§ WHAT THE TASK REQUIRES: Going through the material below, output exactly the lines from the one containing "Купить Плинтус из" through the one containing "Tampak saat pelaksanaan", and no pictures.

:: SUPPLIED RECORDS

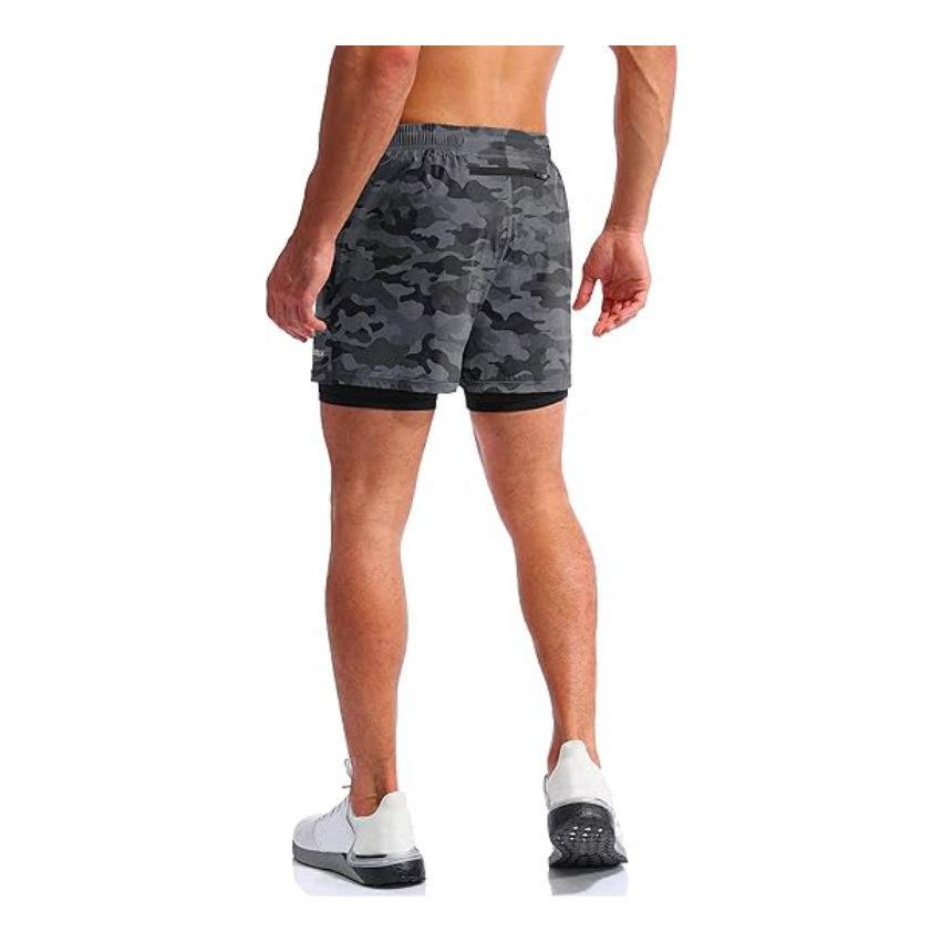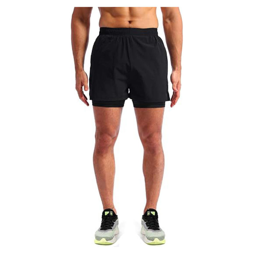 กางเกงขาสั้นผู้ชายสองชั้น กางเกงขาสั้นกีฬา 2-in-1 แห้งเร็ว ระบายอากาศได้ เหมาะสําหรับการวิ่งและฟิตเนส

::::
:: SUPPLIED RECORDS

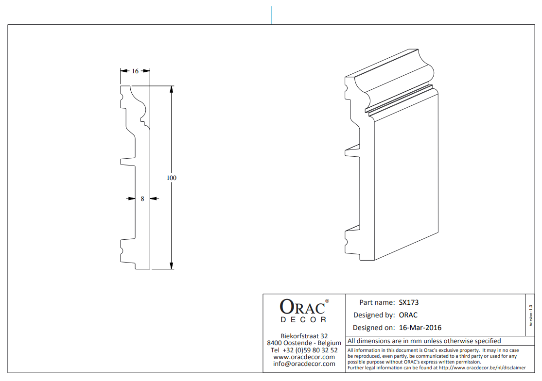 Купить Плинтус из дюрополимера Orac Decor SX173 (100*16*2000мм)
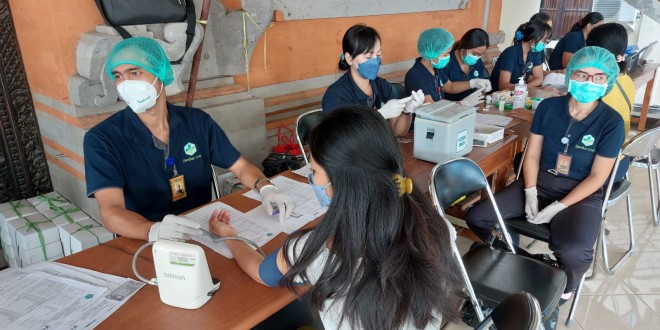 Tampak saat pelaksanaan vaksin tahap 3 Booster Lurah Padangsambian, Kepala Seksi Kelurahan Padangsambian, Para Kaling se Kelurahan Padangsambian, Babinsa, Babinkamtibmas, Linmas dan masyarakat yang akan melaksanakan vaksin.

::::

§ ANSWER TO THIS PROBLEM:
 Купить Плинтус из дюрополимера Orac Decor SX173 (100*16*2000мм)
 Tampak saat pelaksanaan vaksin tahap 3 Booster Lurah Padangsambian, Kepala Seksi Kelurahan Padangsambian, Para Kaling se Kelurahan Padangsambian, Babinsa, Babinkamtibmas, Linmas dan masyarakat yang akan melaksanakan vaksin.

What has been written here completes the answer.